(Dataset entries)
——————

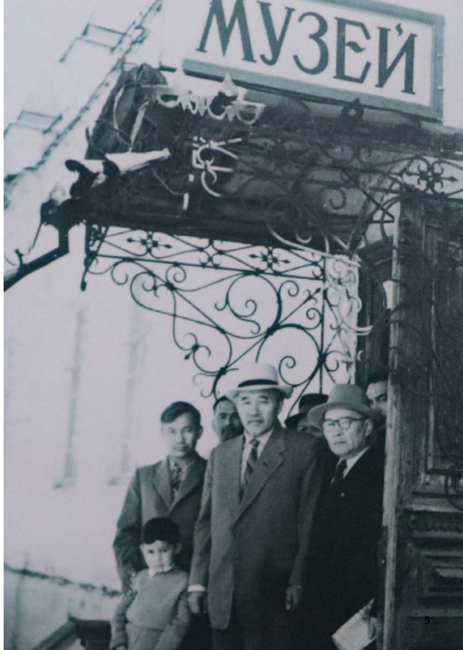
Посещение музея Мухтаром Ауэзовым 24 июня 1958 года
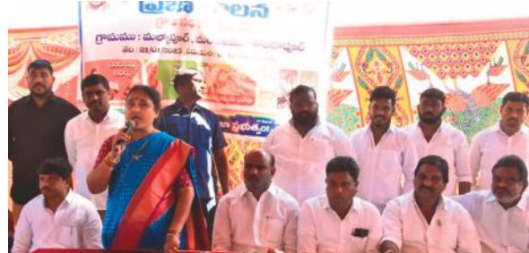
సంక్షేమ పథకాలలో దేశంలోనే తెలంగాణ నెంబర్ వన్ : చైర్మన్ నిర్మల జగ్గారెడ్డి

అందిస్తామని ఈ ప్రక్రియ నిరంతరం కొనసాగుతుందని తెలంగాణ రాష్ట్రంలో అందిస్తున్న సంక్షేమ పథకాలు దేశంలో ఎక్కడ లేవని తెలిపారు. అర్హులు ఎవరు ఇబ్బంది పడవద్దని కార్యక్రమాలు నిరంతరం కొనసాగుతాయని తెలిపారు. ఈ కార్యక్రమంలో గ్రామస్తులు అధికారులు లబ్ధిదారులు దరఖాస్తుదారులు పాల్గొన్నారు.
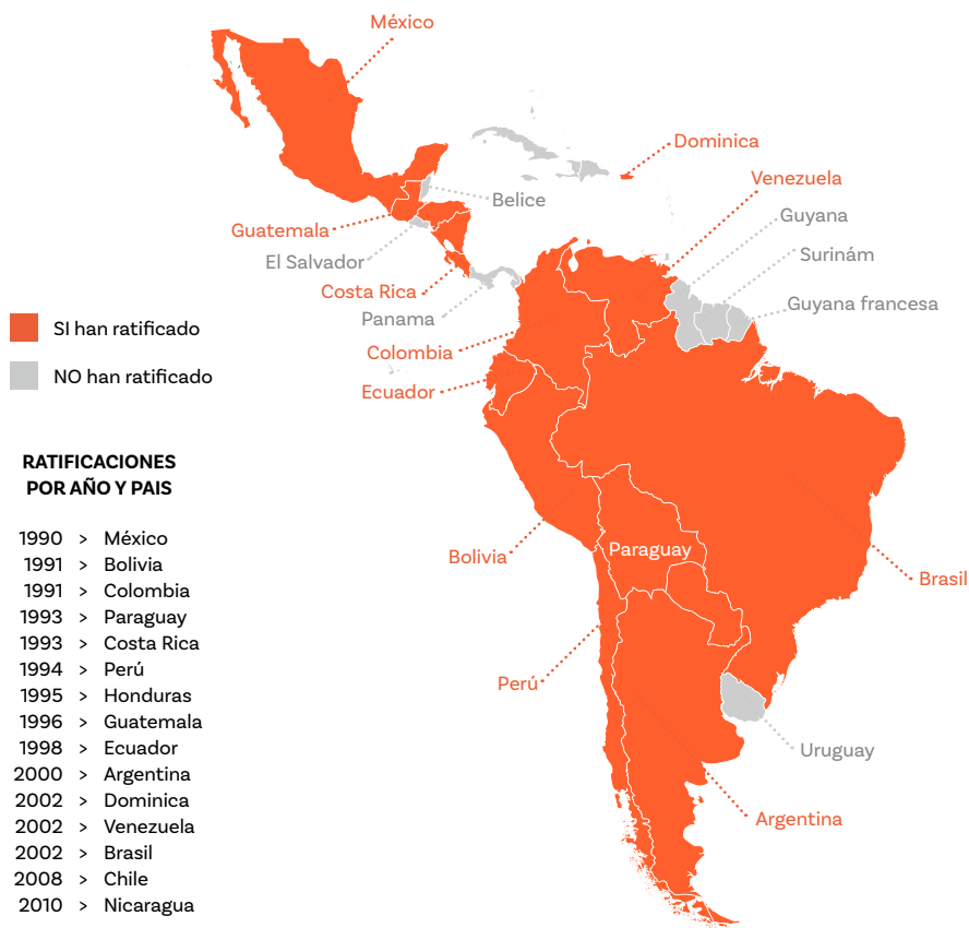
Imagen 1: Ratificación del Convenio 169 de la OIT en América Latina

como las ciencias políticas y jurídicas, campos desde donde comienza a producirse una mayor cantidad de estudios y capacitaciones que buscan hacer frente a esta nueva etapa.
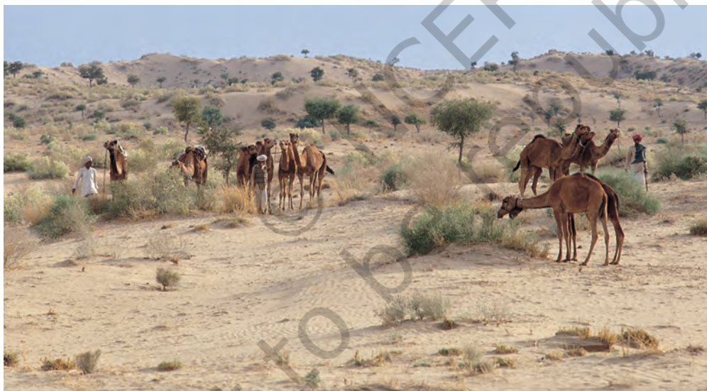
चित्र 5 - पश्चिमी राजस्थान के थार रेगिस्तान में चरते राइका समुदाय के ऊँट.

धंगर महाराष्ट्र का एक जाना-माना चरवाहा समुदाय है। बीसवीं सदी की शुरुआत में इस समुदाय की आबादी लगभग 4,67,000 थी। उनमें से ज्यादातर गड़रिये या चरवाहे थे हालाँकि कुछ लोग कम्बल और चादरें भी बनाते थे जबकि कुछ भैंस पालते थे। धंगर गड़रिये बरसात के दिनों में महाराष्ट्र के मध्य पठारों में रहते थे। यह एक अर्ध-शुष्क इलाका था जहाँ बारिश बहुत कम होती थी और मिट्टी भी खास उपजाऊ नहीं थी। चारों तरफ सिर्फ कंटीली झाड़ियाँ होती थीं। बाजरे जैसी सूखी फ़सलों के अलावा यहाँ और कुछ नहीं उगता था। मॉनसून में यह पट्टी धंगरों के जानवरों के लिए एक विशाल चरागाह बन जाती थी। अक्टूबर के आसपास धंगर बाजरे की कटाई करते थे और चरागाहों की तलाश में पश्चिम की तरफ चल पड़ते थे। करीब महीने भर पैदल चलने के बाद वे अपने रेवड़ों के साथ कोंकण के इलाके में जाकर डेरा डाल देते थे। अच्छी बारिश और उपजाऊ मिट्टी की बदौलत इस इलाके में खेती खूब होती थी। कोंकणी किसान भी इन चरवाहों का दिल खोलकर स्वागत करते थे। जिस समय धंगर कोंकण पहुँचते थे उसी समय कोंकण के किसानों को खरीफ़ की फ़सल काट कर अपने खेतों को रबी की फ़सल के लिए दोबारा उपजाऊ बनाना होता था।
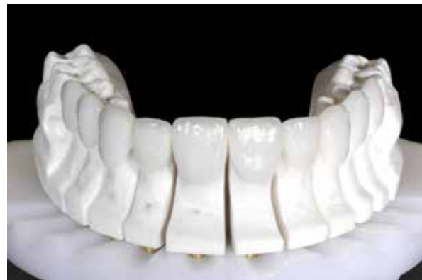
Figura 31 – Prova dos laminados no modelo.
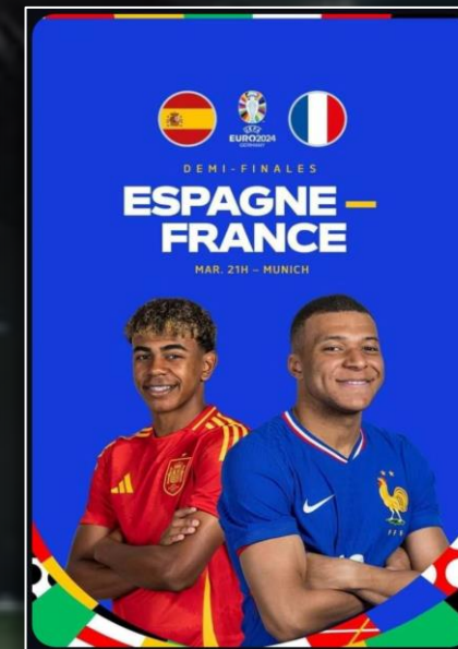
DEMI-FINALE EURO 2024 9 juillet 2024

D'audience dans le débrief de l'After Foot
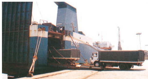
चित्र 7.6 – मुंबई पत्तन में जहाज पर ट्रकों को ले जाते हुए

मुंबई वृहत्तम पत्तन है जिसके प्राकृतिक खुले, विस्तृत व सुचारु पोताश्रय हैं। मुंबई पत्तन के अधिक परिवहन को ध्यान में रखकर इसके सामने जवाहरलाल नेहरू पत्तन विकसित किया गया जो इस पूरे क्षेत्र को एक समूह
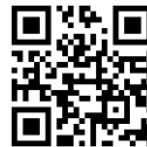
つうえんポータル

右記の二次元コードを読み込み、つうえんポータルにアクセスし、お住まいの地域から「甲州市」を選択し、利用申請をしてください。
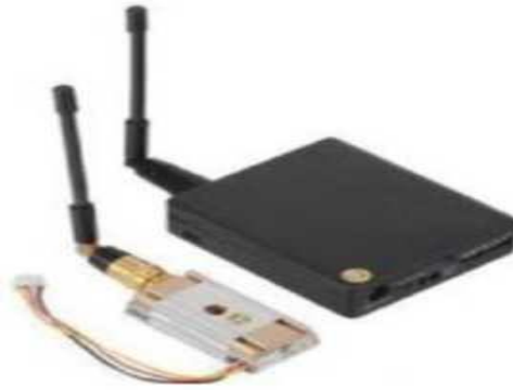
Рис. № 10 - Видеопередатчик.

Видеопередатчик (рис. № 10) - это устройство, передающее на наземную станцию изображение с камер БПЛА. Является самым заметным устройством на борту БПЛА, поэтому без необходимости включать его не стоит (это касается только тех БПЛА, которые хранят фотографии на борту), соблюдая режим радиомолчания. Такой режим уменьшает возможность применения противником средств РЭБ.
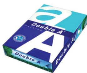
1 ramette A4 80g Feuilles blanches
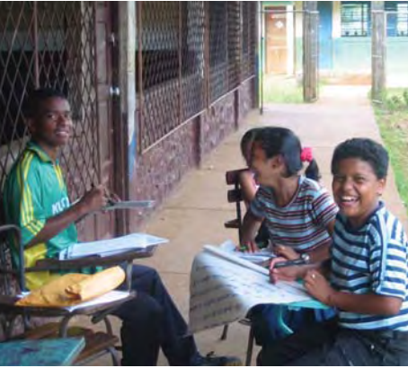
Alumnos disfrutan de un trabajo en grupos.
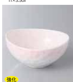
強化 66-20-78G 1,660円 ピンク吹き楕円小鉢 10.8×10.6×5.3cm
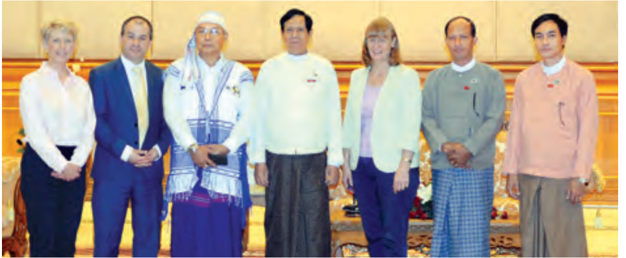
ပြည်ထောင်စုလွှတ်တော်နာယက အမျိုးသားလွှတ်တော်ဥက္ကဋ္ဌ မန်းဝင်းခိုင်သန်း ဗြိတိန်နိုင်ငံ အောက်လွှတ်တော်ကိုယ်စားလှယ် Mr. Paul Scully ဦးဆောင်သော လွှတ်တော်ကိုယ်စားလှယ်အဖွဲ့နှင့် စုပေါင်းမှတ်တမ်းတင်ဓာတ်ပုံရိုက်စဉ်။ (သတင်းစဉ်)
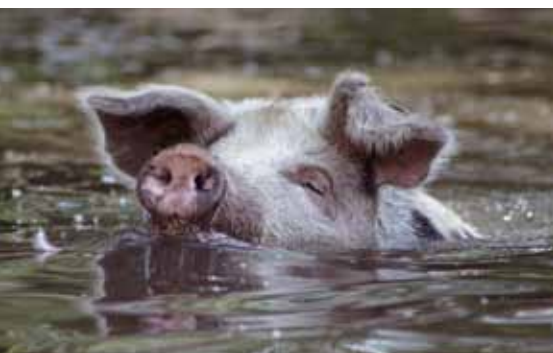
Tierischer Nachwuchs erwartet Sie im Tierpark „Arche Warder“

Unter dem Motto „Auf Touren kommen“ besuchen wir einmal im Monat wunderschöne Orte im Hamburger Umland.
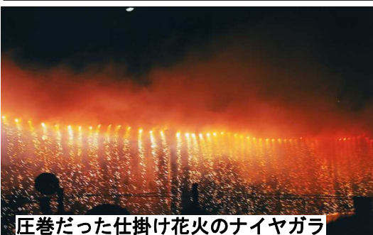
圧巻だった仕掛け花火のナイヤガラ

旭川の両岸には屋台が並び、堤防は人の山、午後7時30分より花火大会は始まりました。約5000発の花火が打ち上げられ、観衆からは大きな歓声と拍手が起こっていました。中でも、仕掛け花火は美しく、しばし、真夏の夜の祭典を楽しんでいました。
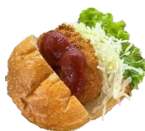
カニクリームコロッケ バーガー 300円
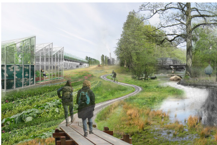
Figur 1: Visionsbild från masterkursen Energy Landscapes & Master Planning, SLU Alnarp 2014 (Bratthäll, m.fl., 2014)

Vid SLU Alnarp och särskilt inom ramen för Swedish Surplus Energy Collaboration (SSE-C) pågår ett flertal projekt där syftet är att uppnå synergieffekter och konkurrensfördelar för den svenska hortikulturella primärproduktionen genom industriell symbios; där restvärme och organiskt restavfall används som resurser för produktionen i ett slutet kretslopp. Detta minskar bl.a. behovet av kylning av restvärme för industrin samtidigt som man sänker kostnaderna för uppvärmning av växthus och fiskodling. I detta specifika projekt i Karlshamn undersöks hur etableringen av sådan industri kan underlättas genom ett mer strukturerat samarbete med den kommunala, fysiska planeringsverksamheten samt universitet och högskolor. Här presenteras ett första koncept för MDHAP.
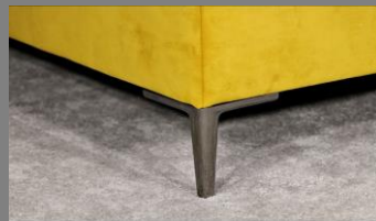
Urban schwarz chrom
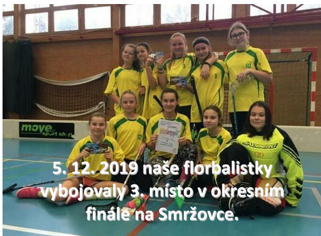
5. 12. 2019 naše florbalistky vybojovaly 3. místo v okresním finále na Smržovce.
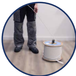
SOLUTION DE DEROULEMENT Ek ROLLER
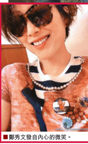
■鄭秀文發自內心的微笑。
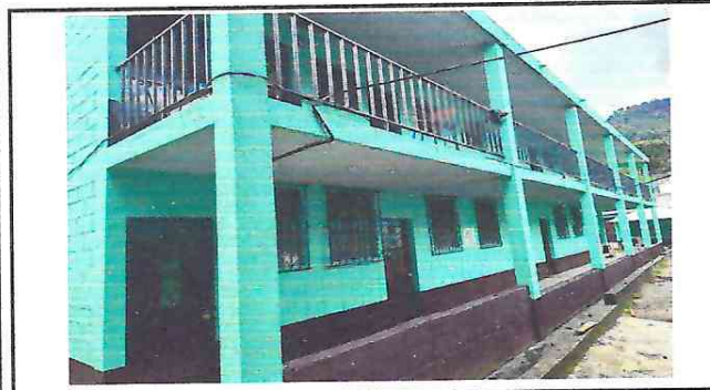
Mantenimiento de red eléctrica

——————

Task goal: All that should be printed is the run of lines above from the one with "चित्र 5 - पश्चिमी" through the one with "Рис. № 10 - Видеопередатчик.", both included, exactly as given, with pictures left out.

Exercise response:
चित्र 5 - पश्चिमी राजस्थान के थार रेगिस्तान में चरते राइका समुदाय के ऊँट.

धंगर महाराष्ट्र का एक जाना-माना चरवाहा समुदाय है। बीसवीं सदी की शुरुआत में इस समुदाय की आबादी लगभग 4,67,000 थी। उनमें से ज्यादातर गड़रिये या चरवाहे थे हालाँकि कुछ लोग कम्बल और चादरें भी बनाते थे जबकि कुछ भैंस पालते थे। धंगर गड़रिये बरसात के दिनों में महाराष्ट्र के मध्य पठारों में रहते थे। यह एक अर्ध-शुष्क इलाका था जहाँ बारिश बहुत कम होती थी और मिट्टी भी खास उपजाऊ नहीं थी। चारों तरफ सिर्फ कंटीली झाड़ियाँ होती थीं। बाजरे जैसी सूखी फ़सलों के अलावा यहाँ और कुछ नहीं उगता था। मॉनसून में यह पट्टी धंगरों के जानवरों के लिए एक विशाल चरागाह बन जाती थी। अक्टूबर के आसपास धंगर बाजरे की कटाई करते थे और चरागाहों की तलाश में पश्चिम की तरफ चल पड़ते थे। करीब महीने भर पैदल चलने के बाद वे अपने रेवड़ों के साथ कोंकण के इलाके में जाकर डेरा डाल देते थे। अच्छी बारिश और उपजाऊ मिट्टी की बदौलत इस इलाके में खेती खूब होती थी। कोंकणी किसान भी इन चरवाहों का दिल खोलकर स्वागत करते थे। जिस समय धंगर कोंकण पहुँचते थे उसी समय कोंकण के किसानों को खरीफ़ की फ़सल काट कर अपने खेतों को रबी की फ़सल के लिए दोबारा उपजाऊ बनाना होता था।
Figura 31 – Prova dos laminados no modelo.
DEMI-FINALE EURO 2024 9 juillet 2024

D'audience dans le débrief de l'After Foot
चित्र 7.6 – मुंबई पत्तन में जहाज पर ट्रकों को ले जाते हुए

मुंबई वृहत्तम पत्तन है जिसके प्राकृतिक खुले, विस्तृत व सुचारु पोताश्रय हैं। मुंबई पत्तन के अधिक परिवहन को ध्यान में रखकर इसके सामने जवाहरलाल नेहरू पत्तन विकसित किया गया जो इस पूरे क्षेत्र को एक समूह
つうえんポータル

右記の二次元コードを読み込み、つうえんポータルにアクセスし、お住まいの地域から「甲州市」を選択し、利用申請をしてください。
Рис. № 10 - Видеопередатчик.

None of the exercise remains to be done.